Question

$512$ identical drops of mercury are charged to a potential of $2\text{V}$ each. The drops are joined to form a single drop. The potential of this bigger drop is $x\text{V}$. The value of $x$ is _______.

• A. 128.0
• B. 128.00
• C. 128

Answer 1

Answer: (A), (B), (C)

Let charge and radius of each drop be $q$ and $r$ respectively.
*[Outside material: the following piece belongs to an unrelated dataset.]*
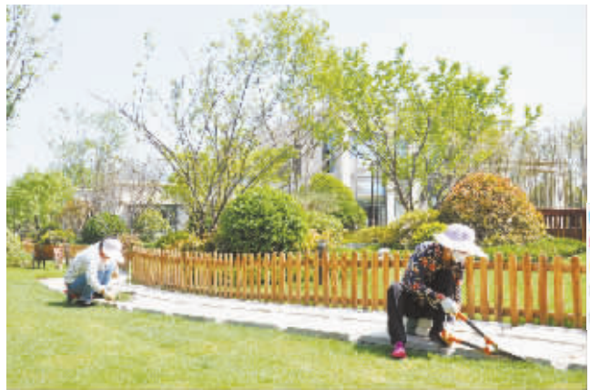
二等奖 作者:李国阁

The potential of each drop is,

$V=\frac{1}{4\pi {ϵ}_0}\frac{q}{r}$

The charge on the bigger drop, $Q=nq=512q$

Volume of bigger drop $=n\times$ Volume of the smaller drop

$\frac{4}{3}\pi R^3=512\times \frac{4}{3}\pi r^3$

$\Rightarrow R=(512{)}^{1/3}r=8r$

Now, the potential of the bigger drop is,

$V{}^{\prime }=\frac{1}{4\pi {ϵ}_0}\frac{Q}{R}=\frac{1}{4\pi {ϵ}_0}\frac{512q}{8r}$

$=\left(\frac{512}{8}\right)\left(\frac{1}{4\pi {ϵ}_0}\frac{q}{r}\right)$

$=\frac{512}{8}\times V=\frac{512\times 2}{8}$

$\Rightarrow V{}^{\prime }=128\text{V}$

$\therefore x=128$